With the development of computer technology and advances in DL, clinical-grade digital pathology has become more available for cancer diagnosis4,5,6,7. Some segmentation algorithms have been successfully developed to detect cell and subcellular levels structure8,9,10. Previously, we proposed a novel detection framework of signet ring cell based on semi-supervised learning from whole slide images (WSIs)11. By combining self-training and cooperative training, our DL model utilizes labeled and unlabeled data better, and experiments on a large number of real clinical data have proved its effectiveness. As far as we know, this is the only scheme that can use DL to detect signet ring cells automatically and accurately.

In this study, we used the model to analyze a total of 607 WSIs. More than 29 million cells were detected. Primary site of these tumors mainly includes the stomach (42.7%) and colorectum (56.8%). We not only analyzed the tumor cells of the primary lesion but also identified and analyzed metastatic regional lymph nodes, peritoneal implants, and ovarian implant tumor, namely the Krukenburg tumor. For this task, four features have been extracted from images: cell cross-sectional area, nuclear area, ellipticity, and nuclear/cytoplasmic ratio. Our results show that the inherent properties and differences of these cells are related to the depth of tumor invasion and the mode of metastasis, and can predict biological behavior to some extent. We believe that our results reveal important information to render an accurate diagnosis and thus, more accurate treatment strategies for the treatment of SRCC.

Results

Overview of the datasets

A total of 607 whole-slide images (WSIs) extracted from high resolution were analyzed. More than 29 million cells were quantified by the deep-learning framework we developed (Fig. 1). Four inherent cell properties were measured: average cell area (SC), nucleus area (SN), ellipticity (EP), and nuclear-plasma ratio (NCR). The standard deviation of each term is used to represent the atypia. According to the primary site, these sections were divided into stomach (259, 42.7%) and colorectum (348, 56.8%). Except for the primary tumor (87/259, 33.6%; 218/348, 62.6%), we also analyzed the metastatic regional lymph nodes (74/259, 28.6%; 105/348, 30.2%), peritoneal cancer nodules (33/259, 12.7%; 25/348, 7.2%), and ovarian implant metastatic lesions, namely Krukenburg tumor (65/259, 25.1%) (Fig. 2 and Supplementary Table 1).

Figure 1
figure 1

Workflow of data collecting, scanning and analyzing. (a) The datasets consists of 607 WSIs that were collected from 439 patients. After summarizing each dataset, the HE slides were scanned to obtain WSIs. (b) WSIs were then analyzed by our DL model.

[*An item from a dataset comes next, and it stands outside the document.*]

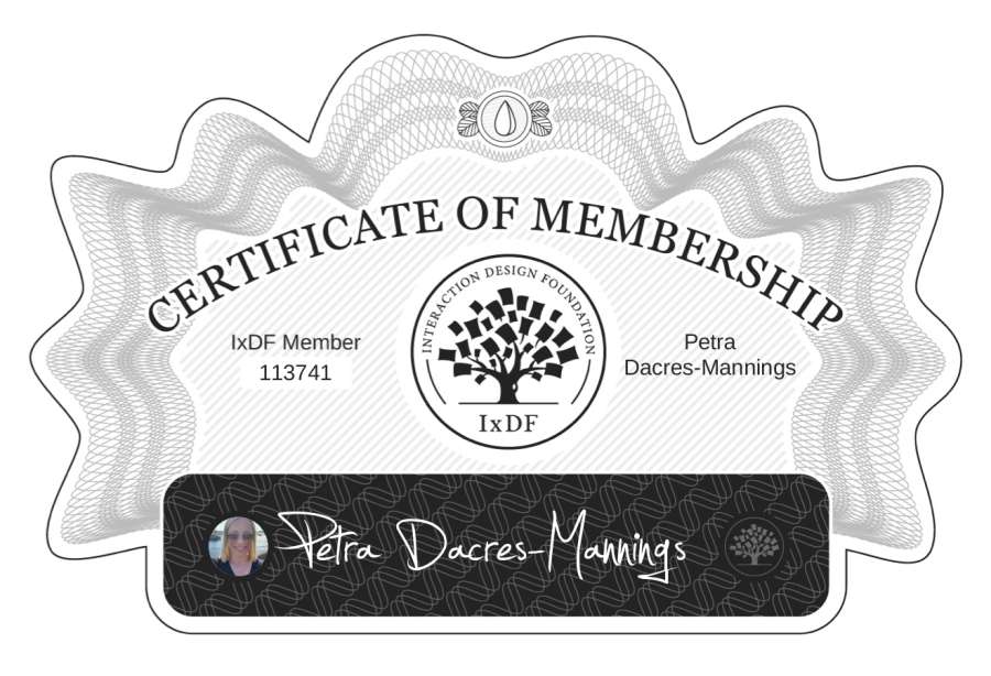 Page URL: https://www.interaction-design.org/members/petra-dacres-mannings/certificate/membership/mc_RHqDn2nJc
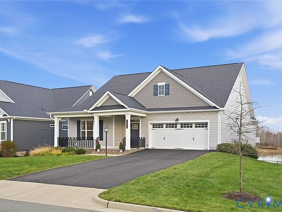 Welcome to effortless, low-maintenance living in the sought-after Readers Branch community, just minutes from Short Pump and the conveniences of premier shopping, dining, and entertainment. Thoughtfully designed and richly appointed, this Hartford Terrace model home offers an open-concept layout, tranquil water views, and refined upgrades at every turn. Step inside to an inviting foyer where hardwood floors and abundant natural light flow seamlessly through the main living spaces. The expansive main level features a formal dining room with chair rail and detailed moulding, butler’s pantry, and a serene primary suite offering both comfort and privacy. A dedicated office provides the ideal environment for working from home. The lower level includes two additional bedrooms, bathroom, a spacious bonus area, and a generous storage room, creating flexibility for guests, hobbies, or additional living space. Outdoor living shines on the oversized deck (expanded from the standard floorplan), where peaceful water views and a double-sided fireplace create the perfect setting for morning coffee or evening relaxation. Additional features such as a whole-house generator, zero-entry garage (no steps to enter into home), and fenced rear yard enhance both comfort and convenience. Situated in a vibrant community offering pickleball courts, a welcoming clubhouse, a pavillion with fireplace and swings, and scenic walking trails, this home promises a lifestyle of connection, ease, and understated luxury, in a setting that feels like a retreat every day. HOA includes lawn care, landscaping, trash and recycling. Schedule your showing today.

Visualization results provided by DL, including the cross-sectional area of cell and nuclear, and the minimum circumscribed rectangle (representing the ellipcity), were illustrated. The 3D-scatter plot represents the inherent property distribution of each cell in a WSI. Over 29 million cells were detected and analyzed.

Figure 2
figure 2

Comparison of cell properties. Each cell in each WSI was analyzed to determine the inherent properties of the signet ring cells in the case. (A) digital slices obtained by scanner (B) highlights the signet ring cells in heatmap (C) the distribution of cell number and cross-sectional area was shown on the histogram (D) the boxplot shows the comparison of inherent properties of all cases (Independent sample t test).

Biological behavior and cell morphology of gastric SRCC

Gastric SRCC is a special entity of poorly differentiated adenocarcinoma in the pathological classification of gastric cancer. The prognosis of gastric SRCC in different TNM stages is significantly different: early gastric SRCC has a low rate of lymph node metastasis and a better prognosis than other types of early gastric cancer, while advanced gastric SRCC has high invasion and metastatic ability and poor prognosis1,2,3. Early gastric SRCC can be cured by endoscopic submucosal dissection (ESD) or endoscopic mucosal resection (EMR) to reduce postoperative complications12. Here we analyze the condition of gastric SRCC. This part of the analysis cohort consists of 87 WSIs, which can be divided into either lymph node involvement or not, or T1 ~ T4 according to the depth of invasion according to the current AJCC TNM staging system (Supplementary Table 1). We found that SN and NCR as well as their atypia was most correlated with the T stage (p < 0.001), while the size or regular degree of tumor cells are not. This suggests that the morphology of the nucleus can be a predictor of the depth of tumor invasion. Besides, the results of the multivariate analysis show that SN, NCR, and NCR SD are independent significant predictors of the T stage in gastric SRCC. Tumors with larger nuclei (HR 0.045, 95%CI 0.019–0.072, p = 0.001) and bigger nuclear-plasma ratio (HR 16.144, 95%CI 2.593–29.634, p = 0.019) tend to have a higher T stage, while as the tumor infiltrates deeper, the atypia of nuclear-plasma ratio gets lower (HR 19.689 95%CI 2.425–36.953, p = 0.023) (Fig. 3). This result suggests that there is significant heterogeneity in the nucleus morphology of gastric SRCC. Our results combined with gastroscopic biopsy may be helpful to predict the depth of tumor invasion, evaluate the prognosis of patients, and even guide treatment for patients to choose appropriate treatment. Our results coincide with the Phillip et al.13 conclusion that the shape of nucleus can encode prognostic information for different types of cancer.

Figure 3
figure 3

Univariate and multivariate analysis of the relationship between lymph node involvement and the depth of invasion in stomach SRCC. SC Cell area (pixel); SN Nucleus area (pixel); Ep Ellipticity; NCR Nuclear-plasma ratio; SD Standard deviation. #a calculated by Kruskal–Wallis test; b calculated by multiple ordered logistic regression, p < 0.05 was considered to be significant.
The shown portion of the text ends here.